HPLC confirms that the purity of the isomer is about 94%.

Isomer B (fraction 4):

129°;Melting point

129 °;

[Α] _D + 11 ° (C 1.2, DMSO);

422, ε22,700);λ max (EtOH) 277 nm (

422, epsilon 22,700;

Elemental analysis: C ₂₀ H ₂₂ N ₄ O ₁₀ S.0.3 mol EtOAc (539.9)

Found: C 46.8; H 4.5; N 10.35; S 5.9%

This launch: C 47.45; H 4.6; N 10.4; S 5.9%

HPLC confirmed that the purity of isomer B was about 80%.

The nmr and infrared spectral data for the two isomers are as described in Table 1 below.

TABLE 1

Physical Properties of the Products of Examples 1-7 and 9

Example A

refine

Furtherance :

1-acetoxyethyl (6R, 7R) -3-carbamoyloxymethyl-7-[(Z) -2- (fur-2-yl) -2-methoxyiminoacet-amido] sep-3- M-4-carboxylate (atomized) 326.0 mg

Sodium Starch Glycolate (Primogel) 8.0mg

Microcrystalline cellulose (avicel pH101) 64.0 mg

Magnesium Stearate Total Weight 400.0mg

Manufacturing method

Magnesium stearate is mixed with the active ingredient and compressed directly to produce tablet slugs.

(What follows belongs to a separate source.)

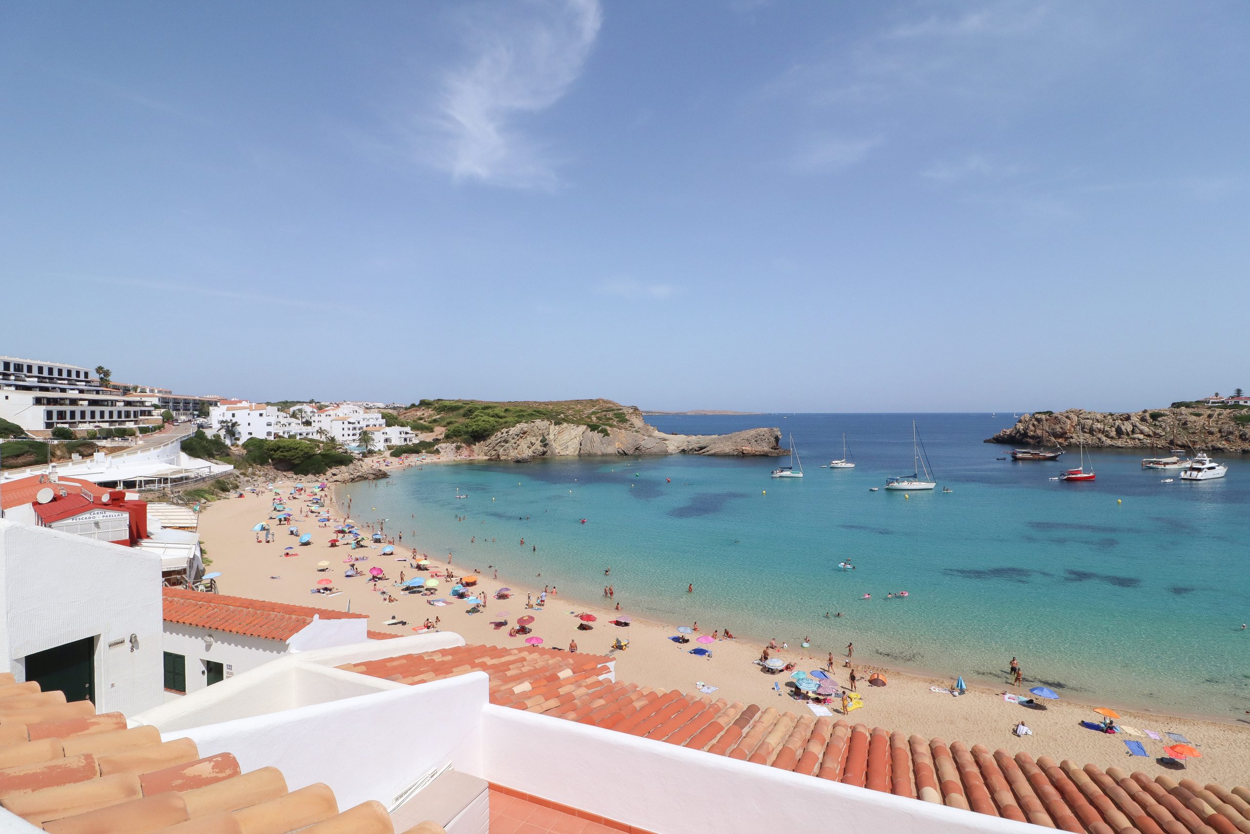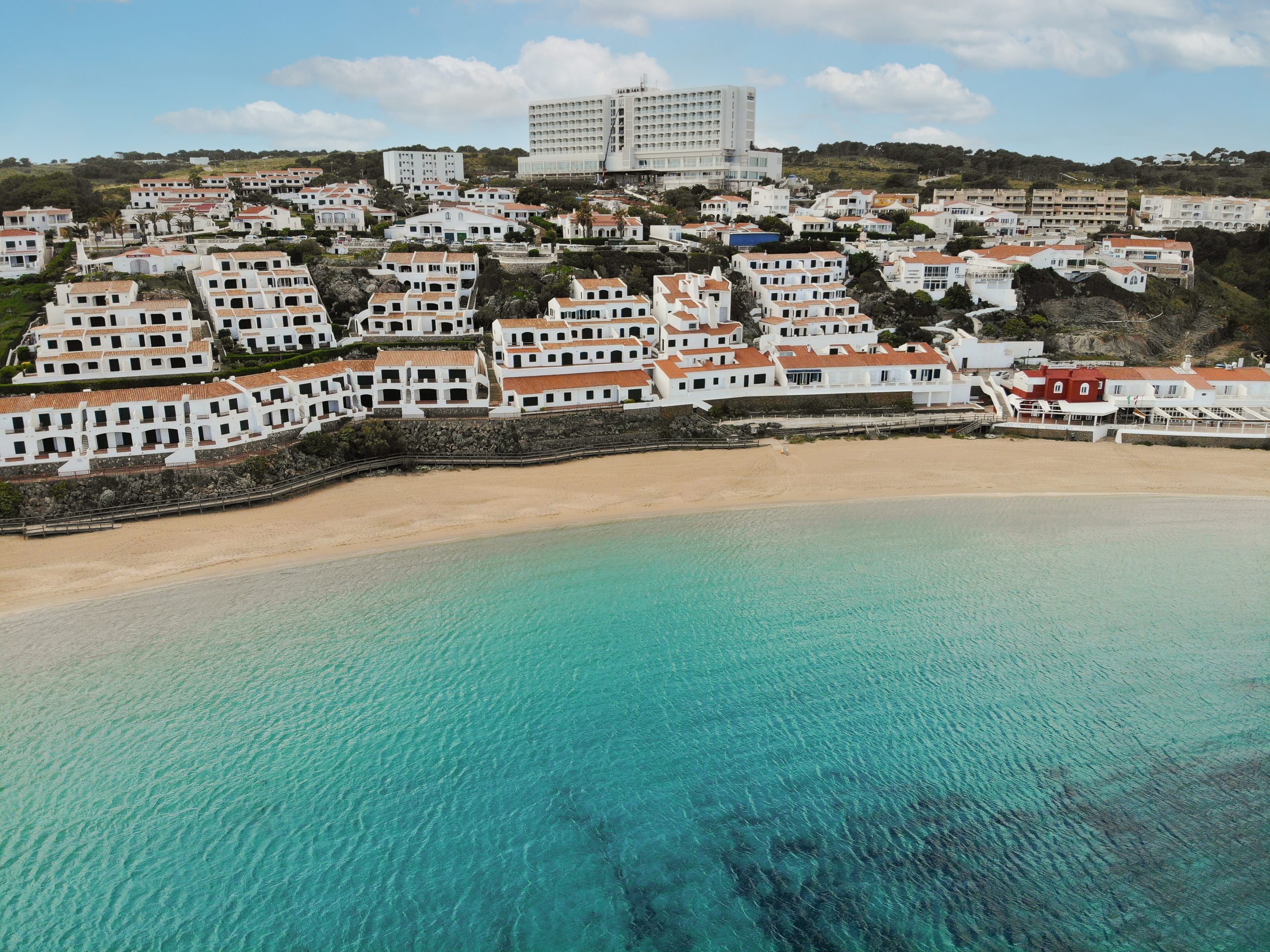 All the amenities (such as bars, restaurants, children’s playgrounds, cafes etc.) of this popular resort are within a 10 minute walk including pedestrian access to the resort’s beach. The airport is a 25 minute drive away, as is the beautiful and historic capital of Mahon.
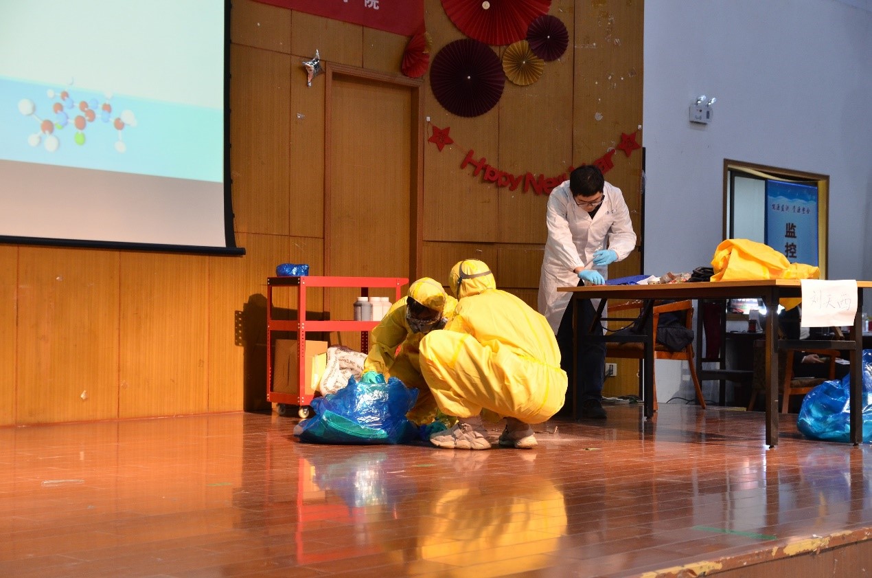 复赛开始前,钱婷婷老师强调了实验室安全的重要性,提醒同学们牢固树立安全意识,在实验室安全问题上,容不得丝毫侥幸心理,并对此次举办的实验室安全知识竞赛对我院安全意识建立的促动效果表示肯定。在经过两轮激烈的角逐,来自刘天西和杜明亮团队的两支队伍进入总决赛,最后的操作题采用了情景模拟的方式,在舞台上为比赛选手模拟出实验室突发事故的现场,要求学生组成应急小组进行现场操作,从防护服、防护面罩等的穿戴到进入突发现场处理破碎的试剂瓶与地上的“浓盐酸”,在从理论知识走向应急处置的过程中,选手的实际操作存在一些不足与隐患。最终,刘天西团队以更加细致严谨的操作获得了本次比赛的一等奖,杜明亮团队荣获二等奖,许虎君和宋启军团队获得三等奖,东为富和王海军团队获得优胜奖,各评委老师及特邀嘉宾为参赛选手进行了颁奖并合影留念。

The slugs are continuously milled through 12 mesh, 16 mesh and 20 mesh and the granules are mixed with sodium starch glycolate and microcrystalline cellulose. The mixture is tableted on a concave punch so that the tablet weight is 400 mg. Tablets may be film coated by an aqueous or organic solvent method using cellulose derivatives with plasticizers and colorants. Another method of preliminary slugization can be compacted by roller compaction of the active ingredient.

Example B

Powder for Oral Suspensions

Composition (per sachet):

1-acetoxyethyl (6R, 7R) -3-carbamoyloxymethyl-7-[(Z) -2- (fur-2-yl) -2-methoxyiminoacet-amido] sep-3- M-4-carboxylate (crushed) 326.0 mg

Lecithin 25mg

Sodium Carboxymethyl Cellulose (Low Viscosity) 90mg

Spray Dried Orange Flavor 150mg

2.2 g per caster suger

Manufacturing method

Lecithin is dissolved in chloroform and ground with the active ingredient (pre-milled using a fluid energy grinder). Chloroform is evaporated and the residual solid is powdered. This is then thoroughly mixed with sodium carboxymethyl cellulose and the fragrance. This mixture is further mixed by adding Kasutter sugar in two steps. It is filled in a sachet of suitable thin layer foil with a suitable weight and heat sealed. The powder is prepared by using about 15 ml of water immediately before administration.

Claims (1)

(6R, 7R) -3-carbamoyloxymethyl-7-[(Z) -2- (fur-2-yl) -2-methoxyiminoacetamido] sep-3-m-4-carboxylic acid ( That is, Cerroxime) or a salt thereof is reacted with a haloester of the following general formula (II), or a compound of the following general formula (III), or an acid addition salt thereof or an N-silyl derivative thereof is (Z) -2- (fur- A 2-yl) -2-methoxyimino-acetic acid or a reactive derivative thereof, characterized by acylation, to prepare a compound of formula (I)

Wherein, R ¹ is primary or secondary alkyl group having 1 to 4, R ² is a primary or secondary alkyl group having 1 to 6 carbon atoms, with the proviso that, R ¹ and R at least one of the ^two is methyl, X Is halogen.